И какая красавица! “Я тебя здесь не видел. Ты была на кладбище?” – спросил он так, словно они только утром расстались. “Нет, – сказала она, – я все это время котлеты жарила на кухне”…
В этот момент директор типографии постучал вилкой по тарелке:
“Внимание, первое слово скажет отец Кирилл, а за ним – давний друг
Федора Филимоновича всем известный депутат Анатолий Васильевич Митник”…
4
Лерку, позднюю, младшую дочь Алексея Пробродина, прозвали Щучкой еще в детстве – за недевичью, от отца унаследованную страсть к рыбалке.

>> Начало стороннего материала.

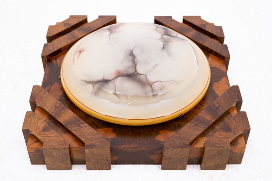 Lámpara de techo sobre base de madera con forma geométrica característica del estilo Art Déco. Preciosa pantalla de cristal de color beige con vetas más oscuras. Gracias a la pantalla, la lámpara de techo emite una hermosa luz difusa de color cálido.
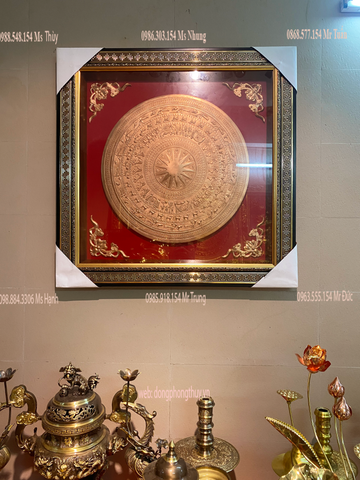 Tranh trống đồng khung 1m * 1m mặt trống đồng đường kính 60cm
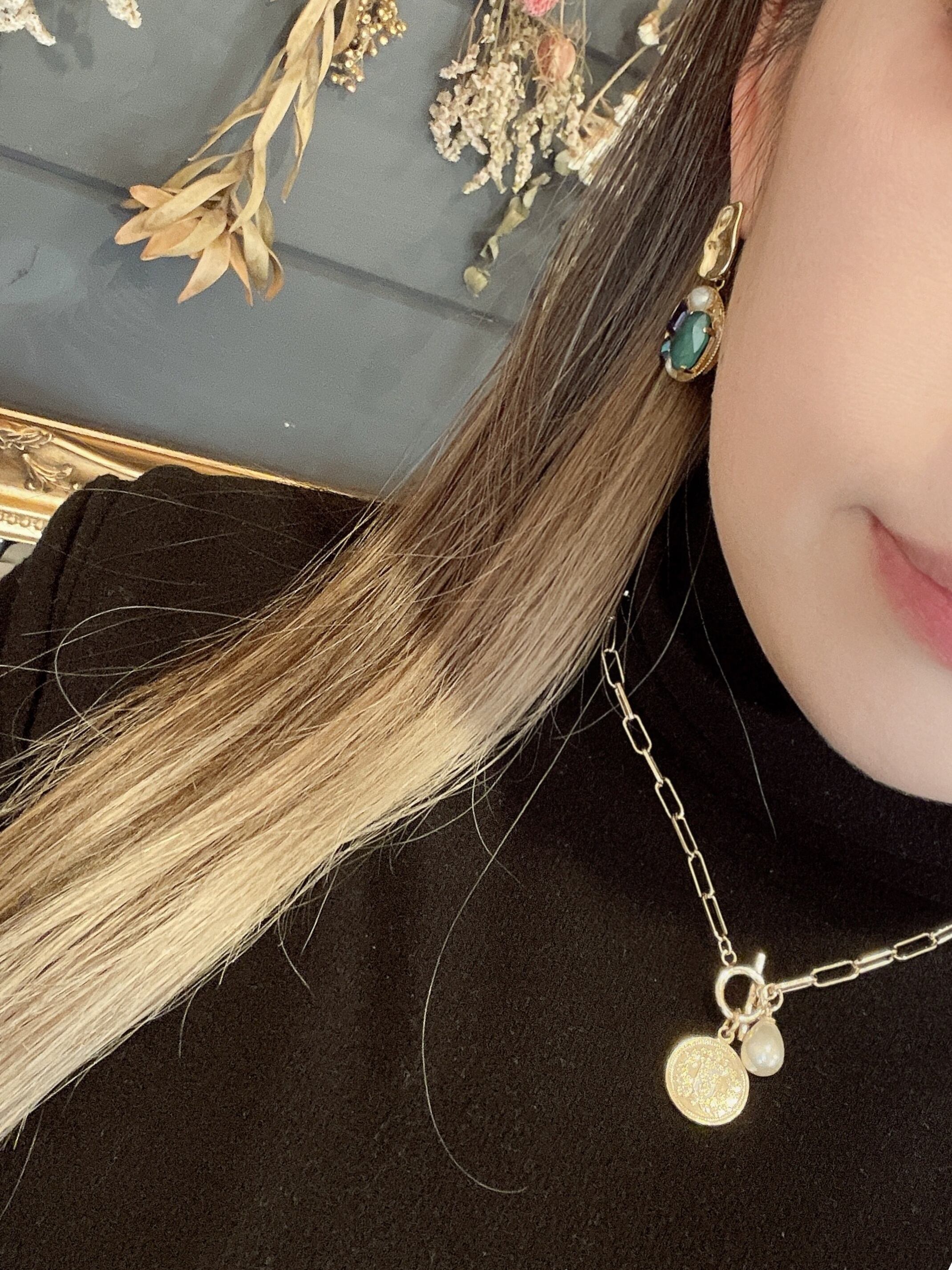 マンテルチェーンネックレス(コイン&パール)
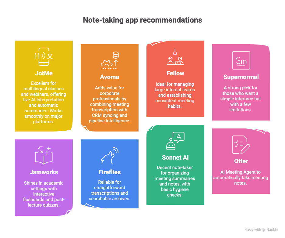 Los mejores tomadores de notas con IA son JotMe y Fireflies.ai. JotMe es ideal para los usuarios que necesitan Resumen de la reunión de IA, traducción en tiempo real y reconocimiento de oradores. Fireflies.ai es mejor para los equipos que buscan transcripciones con capacidad de búsqueda, integración de CRM y flujos de trabajo de comandos de voz.
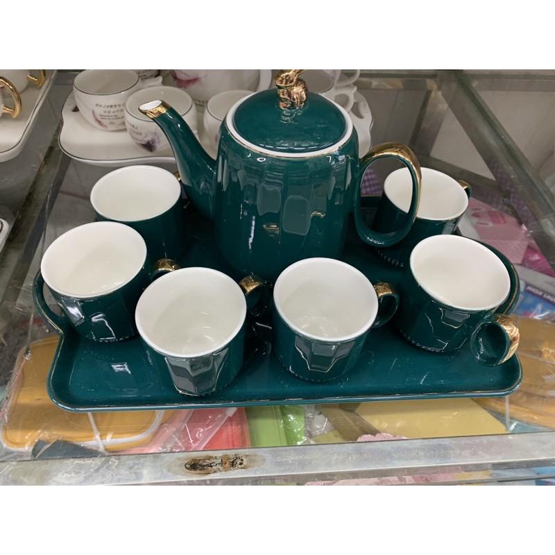 Bộ ấm chén sứ, bộ tách pha trà cà phê cao cấp màu xanh cổ vịt họa tiết hươu vàng

Прозвище очень точно соответствовало пластике ее движений – быстрых, резких, несколько нервных. И хотя годам к пятнадцати или шестнадцати пластика движений сильно изменилась – ребенок, подросток превращался в очаровательную маленькую женщину, – прозвище осталось. И Лерка не возражала, – тем более что родными и друзьями прозвище всегда произносилось с любовью и нежностью.
У Митника с Леркой была своя маленькая тайна. Теперь трудно сказать наверняка, когда эта тайна впервые возникла – с каких разглядываний, касаний, предощущений, – но она уже определенно была, когда девочке было пятнадцать. Тогда Лерка напросилась с Митником на рыбалку, и все казалось пристойно: близкий семье человек с юной дочерью друзей,
– а в какой-то момент, когда они уже высадились из лодки и ему пришлось помогать ей взобраться на высокий берег, он как-то неловко подсаживал ее сзади, под локти что ли, но руки сорвались, и они чуть не упали оба навзничь, но он удержал ее, и его ладонь оказалась у нее на груди, и он не отнял руку и чуть прижал девочку к себе, и она не только не отпрянула, но даже чуть прильнула к нему спиной, и так, замерев, они простояли по щиколотку в воде (оба в кедах на босу ногу) с полминуты – вряд ли больше… Ну, конечно, конечно, они уже возвращались с рыбалки, и она, в конце концов, оскальзываясь по глине, все-таки самостоятельно взобралась на высокий берег и, не оглядываясь, побежала домой через луг… Несколько месяцев спустя были какие-то зимние семейные праздники, шампанское (Новый год, что ли), и он по неглубоким еще сугробам потащил ее за собой в дальний угол сада (и она пошла!), и они, прижавшись друг к другу в тени забора, целовались до головокружения, пока не услышали, что их зовут, и только тогда оторвались друг от друга и порознь, с разных сторон вернулись к дому, – и каждый придумал свою легенду, что, впрочем, было не обязательно, потому что все были уже изрядно пьяны, и всем было все равно, – да и кто бы что мог подумать! А на следующий день он уехал и в те смутные времена не приезжал года два или даже больше… Но историю эту вспоминал с удовольствием и даже с гордостью: тридцать лет разницы, Гумберт Гумберт может отдыхать…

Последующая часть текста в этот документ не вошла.